An internal CIA postmortem concluded that the papal assessment had ''stacked the deck'' and ''circumvented'' the coordination process; the document was described as ''deliberately skewed.'' The assessment reads like a novelist's fantasy of communist conspiracy, but Gates's covering note to Reagan and Bush described the report as a ''comprehensive examination'' that ''we feel able to present with some confidence.'' The CIA has not declassified ''Agca's Attempt to Kill the Pope: The Case for Soviet Involvement,'' although the co-author of the assessment, Kay Oliver, is now the CIA historian and is responsible for declassification matters.
Throughout the '80s, the CIA exaggerated nearly every aspect of Soviet military capabilities, thus contributing to justifications for increased defense spending in Reagan's first term and a reduced interest in arms control. The CIA distorted the military power of the Warsaw Pact, ignored Moscow's lack of confidence in non-Soviet forces, and never anticipated that the pact itself would dissolve. As late as 1990, only several months before the dissolution of the pact, the CIA concluded that Moscow had matched or exceeded NATO's capabilities in all ground-force weapons and would keep pace with NATO's modernization programs.
The linkage between CIA military estimates and the slow pace of disarmament negotiations in the 1980s needs to be examined. The CIA consistently exaggerated both Soviet manpower in Europe, a key issue in negotiations for force reductions, and Soviet chemical weapons stocks, particularly deployments in East Europe. The CIA overestimated the accuracy of the SS-19 ICBM and the range of the TU-22 Backfire Bomber, which complicated strategic arms negotiations.
All of these errors found their way to a propaganda vehicle for the Department of Defense, ''Soviet Military Power,'' which overstated Soviet military capabilities in order to gain congressional authorization and appropriation for desired military programs. This was the conclusion of the General Accounting Office in 1993.
The CIA's primary mission is to reclaim its credibility in the eyes of the American public and the Congress.

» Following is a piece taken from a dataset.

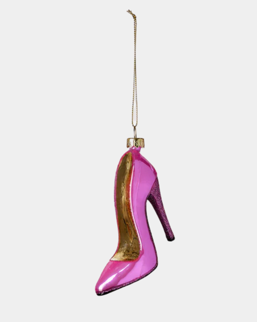 Strut into the holidays with this sassy glass High Heel Ornament! It's the perfect sparkle for your tree with a touch of glam.

Former CIA Director James Woolsey missed a major opportunity to do so last year when he refused to punish leading CIA officials responsible for missing the betrayal of Aldrich Ames.
A step was taken in the right direction last month when CIA Director John Deutch demythologized the work of the clandestine services and admitted that the CIA withheld information from the White House, the State Department, and Congress about its despicable relationship with the Guatemalan military.
Now, isn't it time for the CIA to stop playing games with the intelligence record and to begin declassifying intelligence assessments from the 1980s on the Soviet Union?